Memorial Day Review: Women Heroes of World War II – by Kathryn J. Atwood

Women Heroes of World War II: 26 Stories of Espionage, Sabotage, Resistance, and Rescue

by Kathryn J. Atwood

A 2012 VOYA Nonfiction Honor List selection

Heart touching stories of amazing courage and compassion during WWII.
Heart touching stories of amazing courage and compassion during WWII.

Noor Inayat Khan was the first female radio operator sent into occupied France and transferred crucial messages. Johtje Vos, a Dutch housewife, hid Jews in her home and repeatedly outsmarted the Gestapo. Law student Hannie Schaft became involved in the most dangerous resistance work–sabotage, weapons transference, and assassinations.
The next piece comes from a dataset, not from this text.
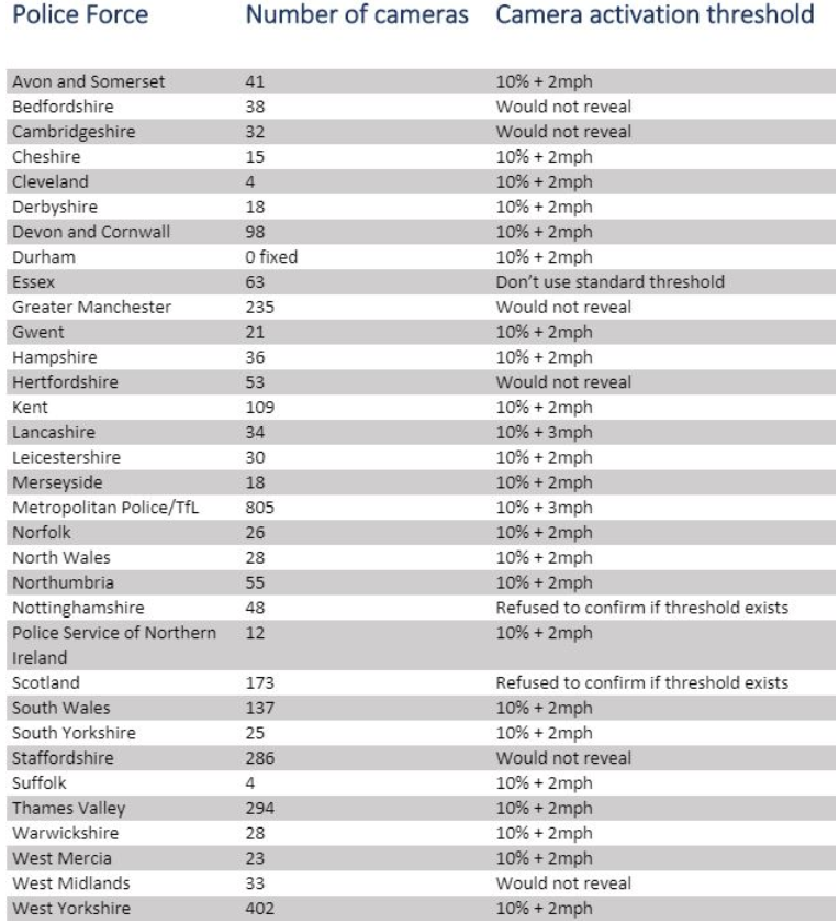 There are like 3224-speed cameras for which freedom of information was submitted to know more about it from the police force.

In these pages, young readers will meet these and many other similarly courageous women and girls who risked their lives to help defeat the Nazis.

Twenty-six engaging and suspense-filled stories unfold from across Germany, Poland, the Netherlands, France, Belgium, Denmark, Great Britain, and the United States, providing an inspiring reminder of women and girls’ refusal to sit on the sidelines around the world and throughout history.
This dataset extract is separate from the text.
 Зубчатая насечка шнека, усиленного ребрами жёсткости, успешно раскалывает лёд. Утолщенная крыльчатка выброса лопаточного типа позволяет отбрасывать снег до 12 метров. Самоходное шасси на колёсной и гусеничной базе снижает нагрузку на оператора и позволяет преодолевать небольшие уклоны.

An overview of World War II and summaries of each country’s entrance and involvement in the war provide a framework for better understanding each woman’s unique circumstances, and resources for further learning follow each profile. Women Heroes of World War II is an invaluable addition to any student’s or history buff’s bookshelf.

My Review:

I tend to read fiction, but occasionally non-fiction catches my attention and leaves an impression.  Women Heroes of World War II  in particular came to mind for Memorial Day. This is an excellent book for beginning research into WWII history and key female heroes of the war. The hardships, courage, and sacrifices faced by the women and men in the stories is amazing and heart-wrenching all at the same time. The book is well organized and offers links to additional reading and online materials. Consider adding this to your “books to read” list and remember those who paid the ultimate price for freedom and peace.  

Note: This book was in the “Young Adult” section of the bookstore.  There are some sensitive situations in this book and I feel a parent would want to consider the maturity and comprehension level of my young teenager before allowing them read the book.